Republicans in Washington try to sort out policy on day care

Making policy on day care is far from child's play. If official Washington ever thought it would be easy, it is learning differently now. Under all the pressures that an election year brings, Congress and the Reagan administration are trying to decide what they think of day-care needs across America, and what - if anything - they should and can do about unmet needs. Republicans are in particular disagreement on the dimensions of the problem and on what should be done.

Some Republican perspectives came into the open last Friday afternoon when Secretary of Labor Ann McLaughlin released, notwithstanding the objections of a few conservatives, a departmental task force report that assessed the national day-care situation.

The report found that day care is, in Secretary McLaughlin's words, ``a terrific national concern,'' but not a national crisis: ``Real child-care problems exist, but there is not an across-the-board shortage'' of child care throughout America.

Other Republican views will be presented this week in a hearing of the House Education and Labor Committee. Witnesses are expected to express a more conservative Republican position: that in general the supply-and-demand market in day care works quite well, and no need exists for further federal action.

The Labor Department report concluded that three specific types of shortages do exist: in care of infants, care of sick children whose parents work, and care of school-age children between the time school lets out and a parent returns home from work.

Some conservatives privately admit fears that such a conclusion could lead Mrs. McLaughlin eventually to throw her support to some present or future congressional proposal to provide more federal funds for day care.

McLaughlin says she will be using the findings in the report to analyze the more than 100 bills already in Congress that relate to child care. ``We will be doing that in the weeks ahead,'' she says, adding that it is ``really premature to say'' which proposal, if any, she will support.

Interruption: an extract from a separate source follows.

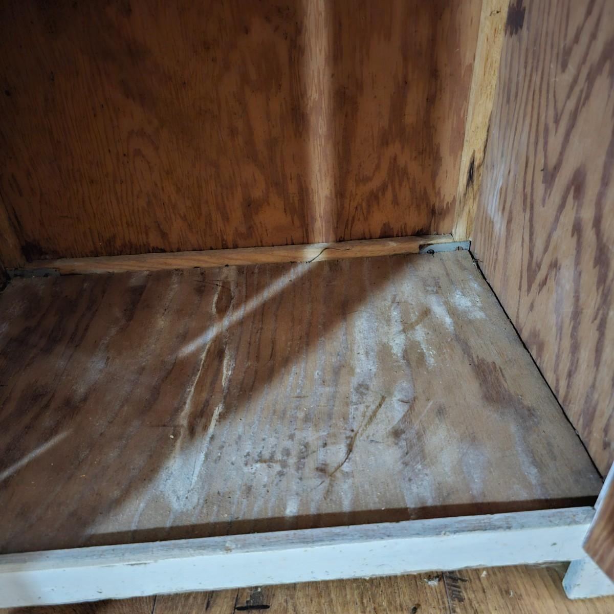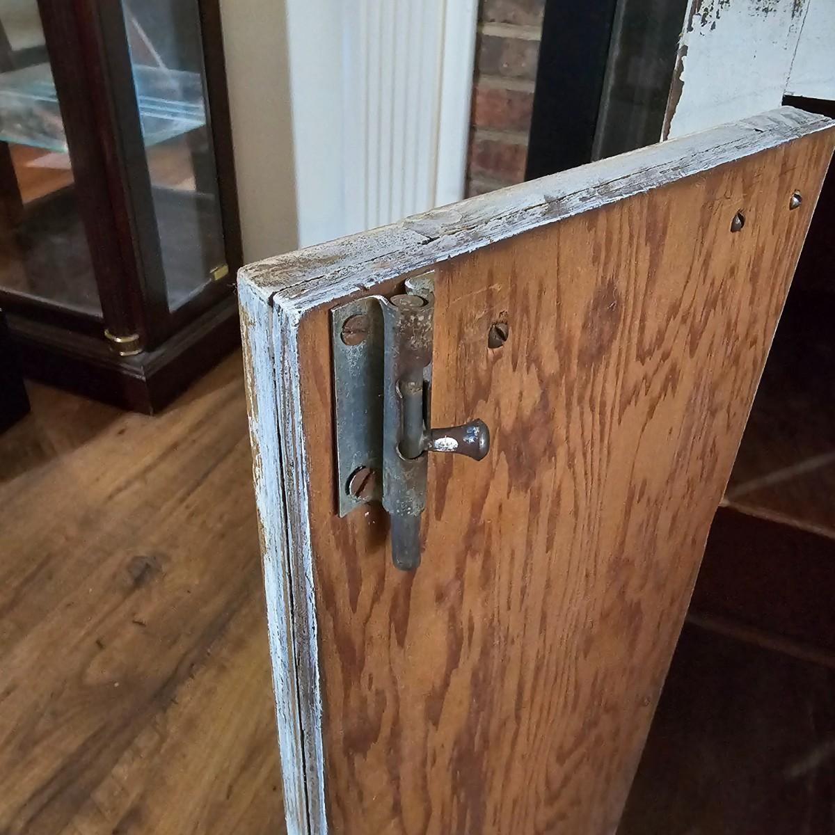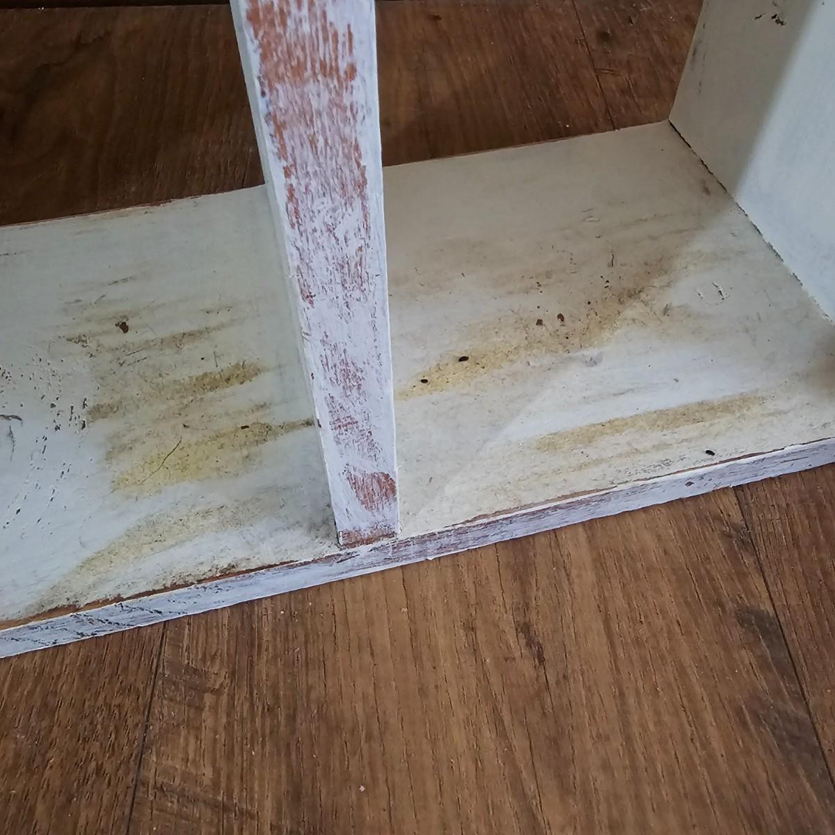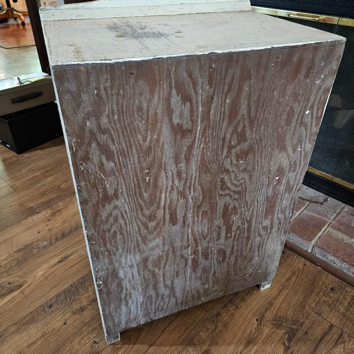 Three pieces of wood furniture items in a rustic, worn style. Cabinet with doors is wood frame with plywood sides and back. Twist lock closure and small interior shelf, this item measures 19.5" x 13" x 30.5"H. Combo shelf unit is solid wood, measures 23.5" x 7" x 25"H. Long skinny shelf is 37.5" x 2.5" x 7"H, has plate groove behind front railing. Paint on all pieces has the distressed look, with sections being sanded or scraped off. See photos for details. Local pickup only.

Democrats generally know what they want to do: provide more federal money to increase the number of day-care centers and to help parents pay the costs, which can be $3,000 a year. Many Democrats in Congress broadly support the proposal of Sen. Christopher Dodd of Connecticut and Rep. Dale Kildee of Michigan that would provide $2.5 billion for these purposes.

However, no one else knows where they will be able to find the money. Many Republicans in Washington suspect that Democrats are simply playing election- year politics - talking up a program that, in the end, won't come to fruition because the government will not be able to finance it.

In any case, Republicans, both in Congress and the Reagan administration, are in more internal disagreement: ``They're all over the map'' in their views, admits one congressional Republican staff member.

Some Republicans support the proposal of Sen. Orrin Hatch (R) of Utah and Rep. Nancy L. Johnson (R) of Connecticut, which would provide $250 million in the first year to states to be given as grants to child-care centers or as vouchers to parents. Other Republicans oppose any federal aid at all.

McLaughlin has made clear that she intends to be a player as Republicans reach their conclusion. Her task force completed its report within three months, an uncommonly short time in Washington. She says that along the way she regularly briefed White House chief of staff Howard Baker and Health and Human Services Secretary Otis Bowen.

She also has discussed the issue with both Secretary of Education William Bennett and President Reagan.

And now, she says, she intends to continue to discuss the issue with other Cabinet secretaries, and to analyze bills in Congress in light of the findings of her report.